Each entry should be transcribed exactly as written, and any picture left out.

─── Data provided

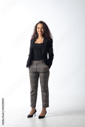 Portrait of a beautiful young hispanic woman smiling afro hairstyle isolated on white background
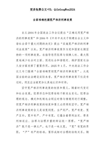 【七哥公文】2025年:全面准确把握宽严相济刑事政策+更多免费公文+VX:QiGeGongWen2024+更多免费公文+VX:QiGeGongWen2024
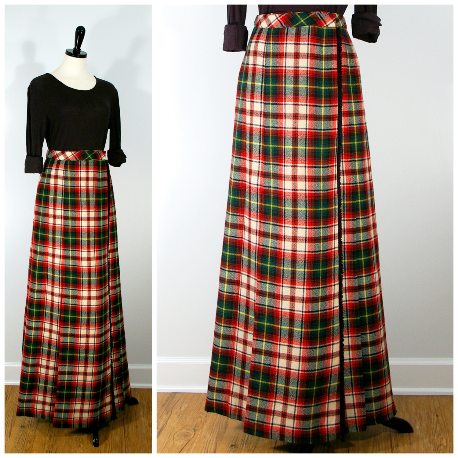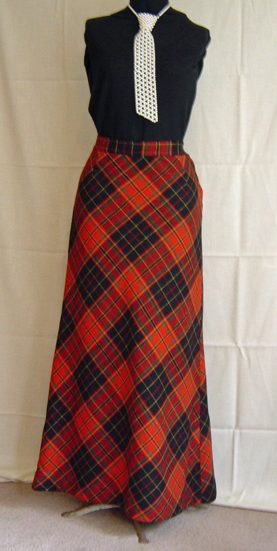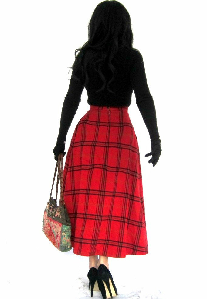 Vintage Red Plaid Wool Long Maxi Skirt by Koret by WhatNots2Like
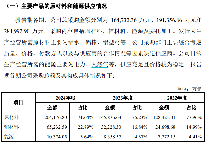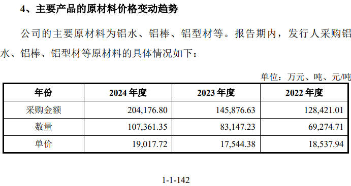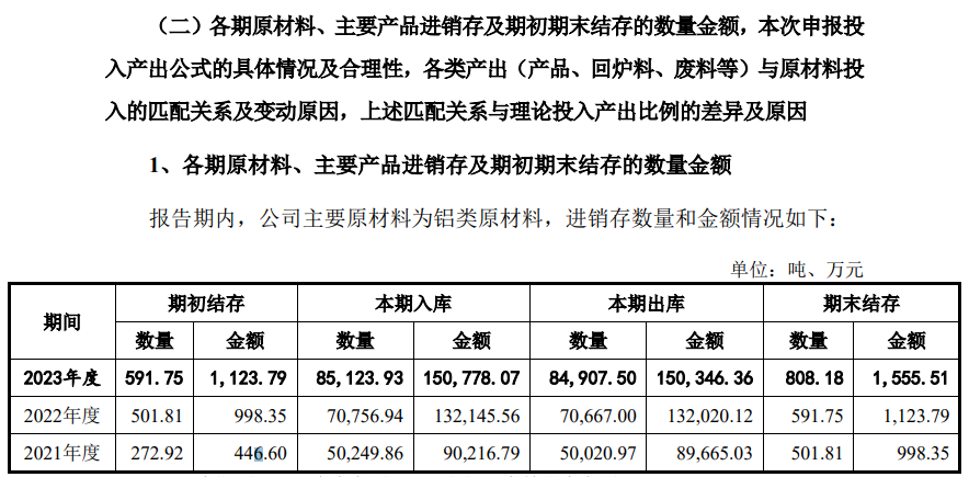 還有招股書第142頁披露,公司在2022年和2023年採購的鋁類原材料數量分別為6.93萬噸和8.31萬噸,但與此同時,《審核問詢函的回覆》第143頁披露的“各期原材料、主要產品進銷存及期初期末結存的數量金額”顯示,2022年鋁類原材料入庫數量為7.08萬噸、2023年為8.51萬噸,都比招股書披露的採購數量多出了1500至2000噸,至於這部分差異數量從何而來,友升股份並未接受記者採訪。
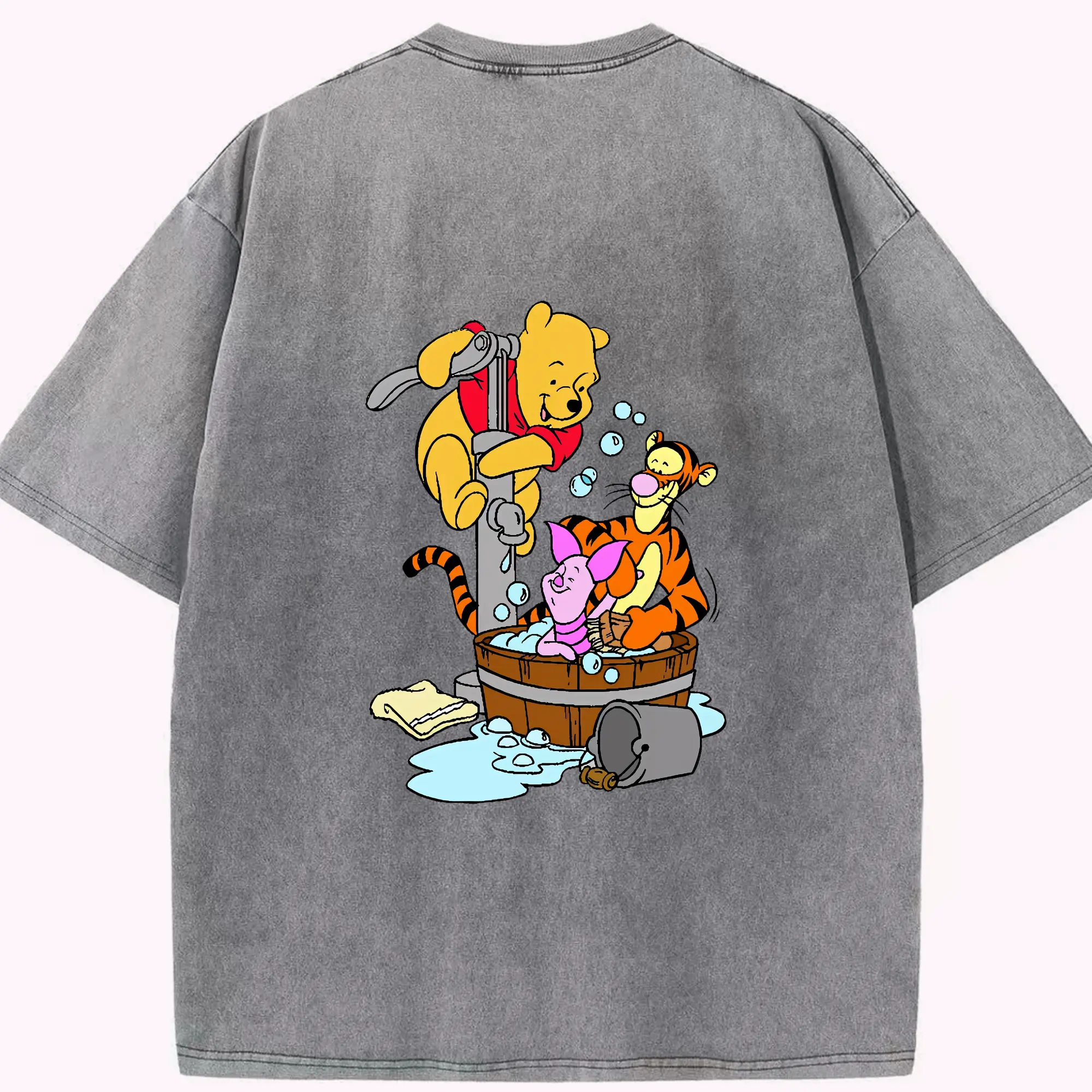 プーさん グッズ ティガー - 綿100% 半袖Tシャツ ・ バックプリント ・ 快適 通気性 ・ 日常使い 散歩 スポーツ用
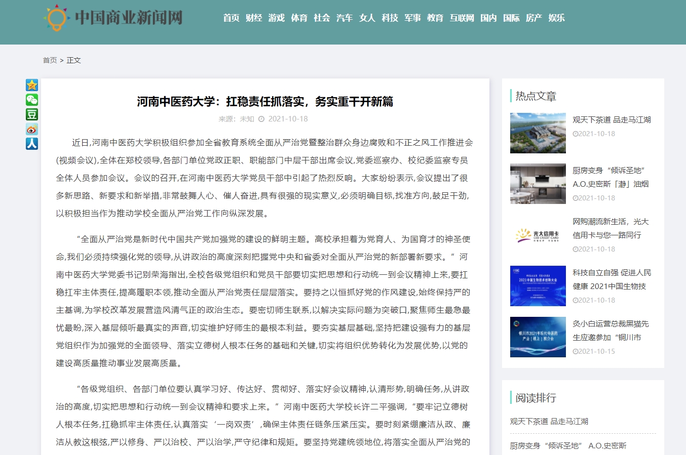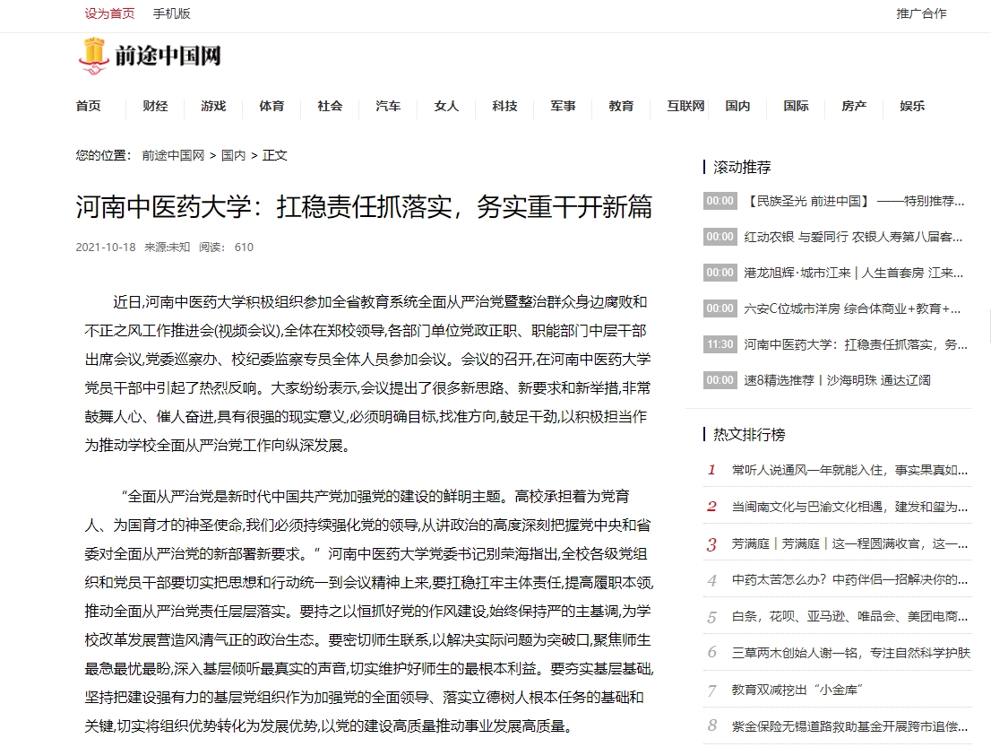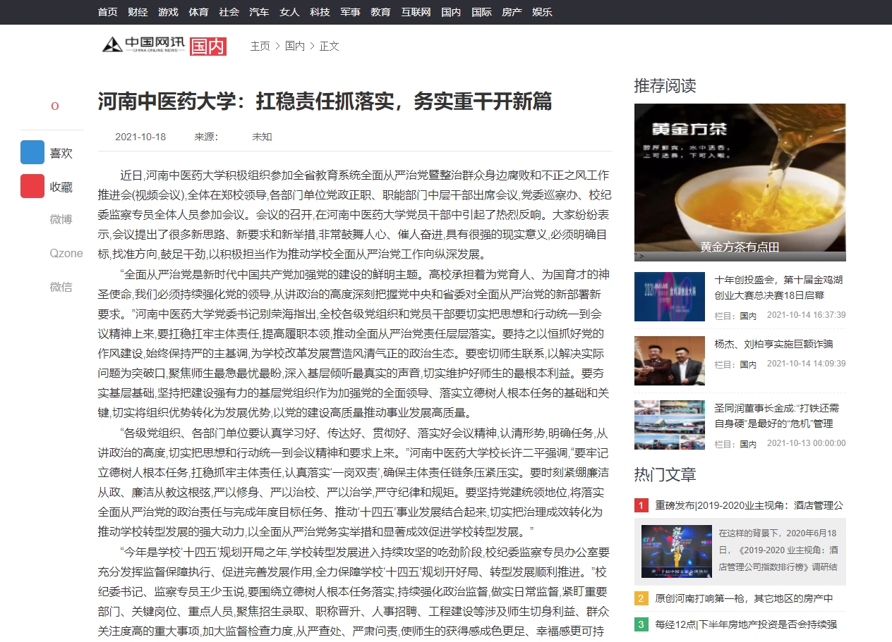 编者按:2021年10月18日,中国网讯、中国大观网、中国梦网、中国商业新闻网、前途中国网、中国创业在线、科技中国、经典中国、中国侨报网、中国前沿观察网等多家媒体对全省教育系统全面从严治党暨整治群众身边腐败和不正之风工作推进会在leyu·乐鱼(中国)体育官方网站党员干部中引起了热烈反响进行报道。

──────

Solution to the exercise
 Portrait of a beautiful young hispanic woman smiling afro hairstyle isolated on white background
 【七哥公文】2025年:全面准确把握宽严相济刑事政策+更多免费公文+VX:QiGeGongWen2024+更多免费公文+VX:QiGeGongWen2024
 Vintage Red Plaid Wool Long Maxi Skirt by Koret by WhatNots2Like
 還有招股書第142頁披露,公司在2022年和2023年採購的鋁類原材料數量分別為6.93萬噸和8.31萬噸,但與此同時,《審核問詢函的回覆》第143頁披露的“各期原材料、主要產品進銷存及期初期末結存的數量金額”顯示,2022年鋁類原材料入庫數量為7.08萬噸、2023年為8.51萬噸,都比招股書披露的採購數量多出了1500至2000噸,至於這部分差異數量從何而來,友升股份並未接受記者採訪。
 プーさん グッズ ティガー - 綿100% 半袖Tシャツ ・ バックプリント ・ 快適 通気性 ・ 日常使い 散歩 スポーツ用
 编者按:2021年10月18日,中国网讯、中国大观网、中国梦网、中国商业新闻网、前途中国网、中国创业在线、科技中国、经典中国、中国侨报网、中国前沿观察网等多家媒体对全省教育系统全面从严治党暨整治群众身边腐败和不正之风工作推进会在leyu·乐鱼(中国)体育官方网站党员干部中引起了热烈反响进行报道。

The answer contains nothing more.